Items from a dataset:
※ ※ ※

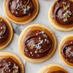 - Add chocolate layer: Spoon melted chocolate over caramel layer on each cookie. Immediately top with flaky sea salt and edible gold leaf if desired. Allow cookies to cool completely so caramel and chocolate set before serving.
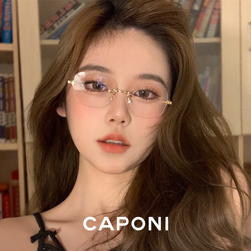 Женские очки без оправы CAPONI, очки из чистого титана, модные трендовые фотохромные компьютерные очки синего цвета с фильтром BF31429
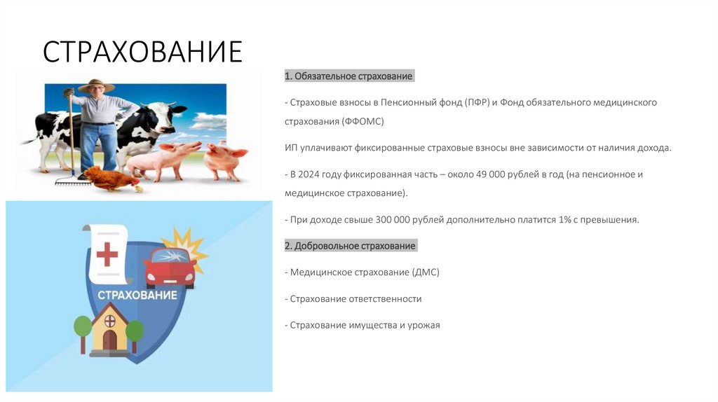 - Страхование имущества и урожая
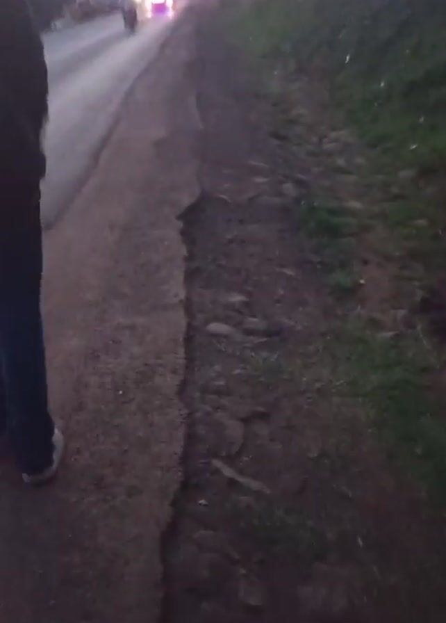 A person wearing a dark jacket, blue jeans, and white shoes walks along a road with a paved section and an unpaved shoulder
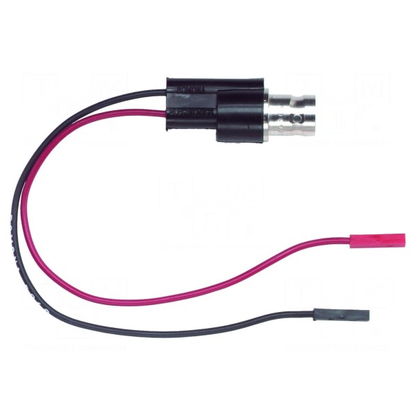 Przewód pomiarowy wyposażony w złącze BNC (gniazdo) oraz dwa gniazda o średnicy 0,64 mm. Całkowita długość elementu wynosi 0,14 m.
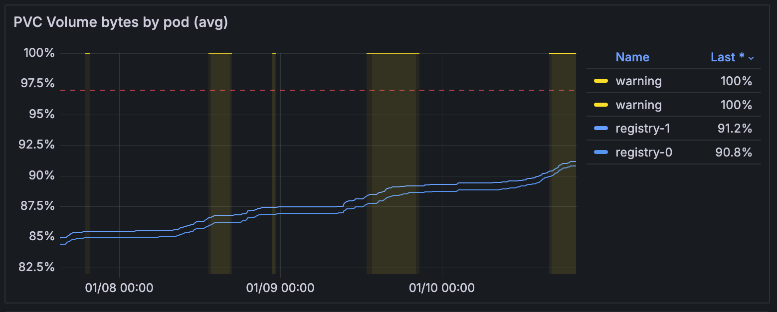 In the screenshot above, we’re showing the “PVC Volume bytes by pod (avg)” panel for a StatefulSet with two replicas. It looks like both of the pods in this workload have volumes with intermittent warning alerts. If I look at the first pod, registry-0, I can see it’s the KubePersistentVolumeFillingUp alert. This alert has two severities: warning and critical. The critical threshold is 97%, so this is plotted on the chart as the red dashed line—and we’re not there, yet.
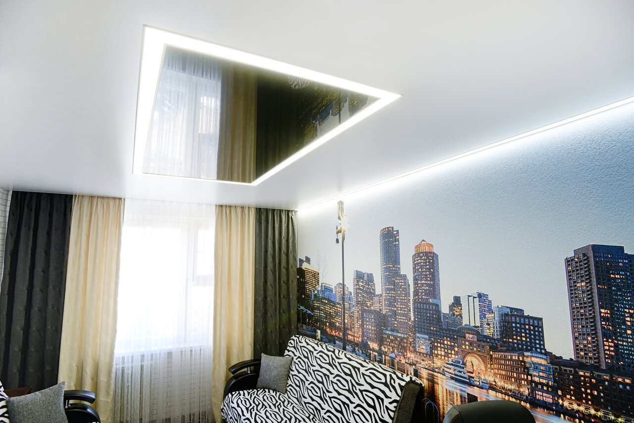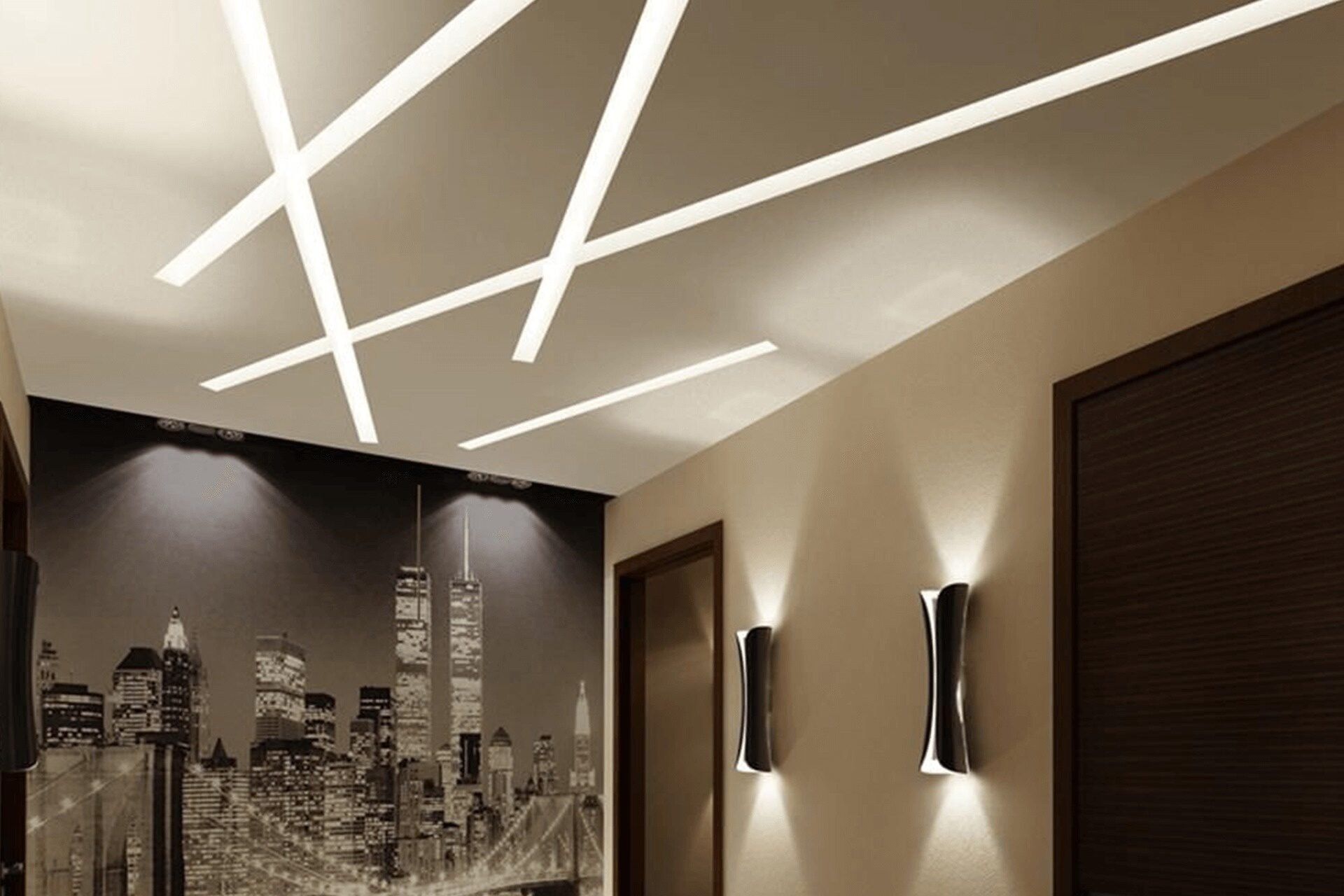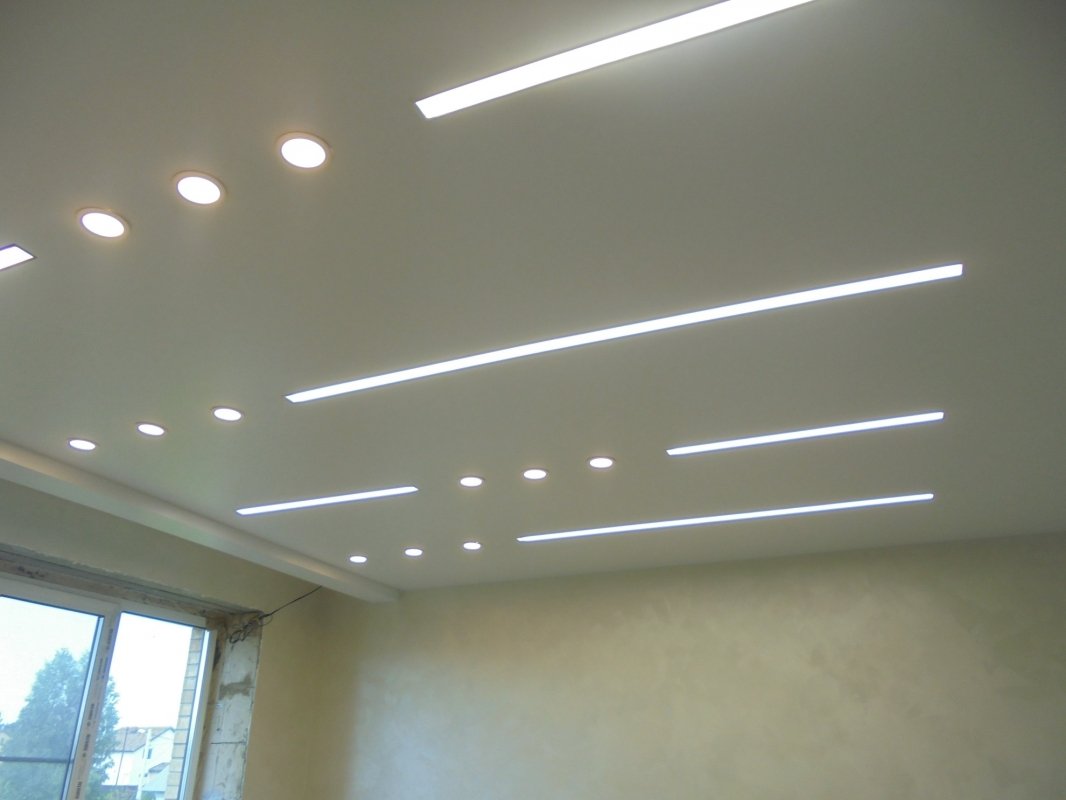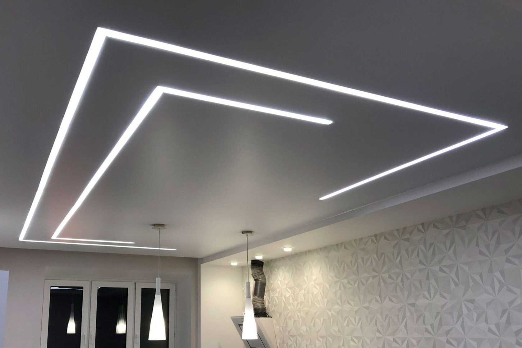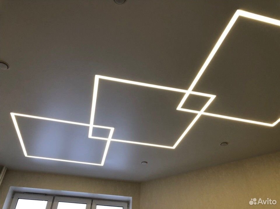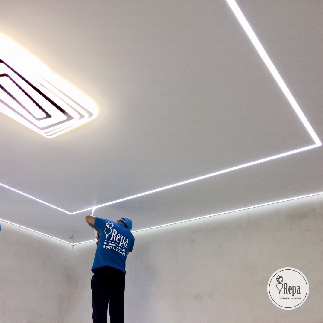 Флекси световые линии 30мм на натяжном потолке рассеиватель

※ ※ ※

Action item: Restate all entries above exactly, but not the images.

Output of the exercise:
 - Add chocolate layer: Spoon melted chocolate over caramel layer on each cookie. Immediately top with flaky sea salt and edible gold leaf if desired. Allow cookies to cool completely so caramel and chocolate set before serving.
 Женские очки без оправы CAPONI, очки из чистого титана, модные трендовые фотохромные компьютерные очки синего цвета с фильтром BF31429
 - Страхование имущества и урожая
 A person wearing a dark jacket, blue jeans, and white shoes walks along a road with a paved section and an unpaved shoulder
 Przewód pomiarowy wyposażony w złącze BNC (gniazdo) oraz dwa gniazda o średnicy 0,64 mm. Całkowita długość elementu wynosi 0,14 m.
 In the screenshot above, we’re showing the “PVC Volume bytes by pod (avg)” panel for a StatefulSet with two replicas. It looks like both of the pods in this workload have volumes with intermittent warning alerts. If I look at the first pod, registry-0, I can see it’s the KubePersistentVolumeFillingUp alert. This alert has two severities: warning and critical. The critical threshold is 97%, so this is plotted on the chart as the red dashed line—and we’re not there, yet.
 Флекси световые линии 30мм на натяжном потолке рассеиватель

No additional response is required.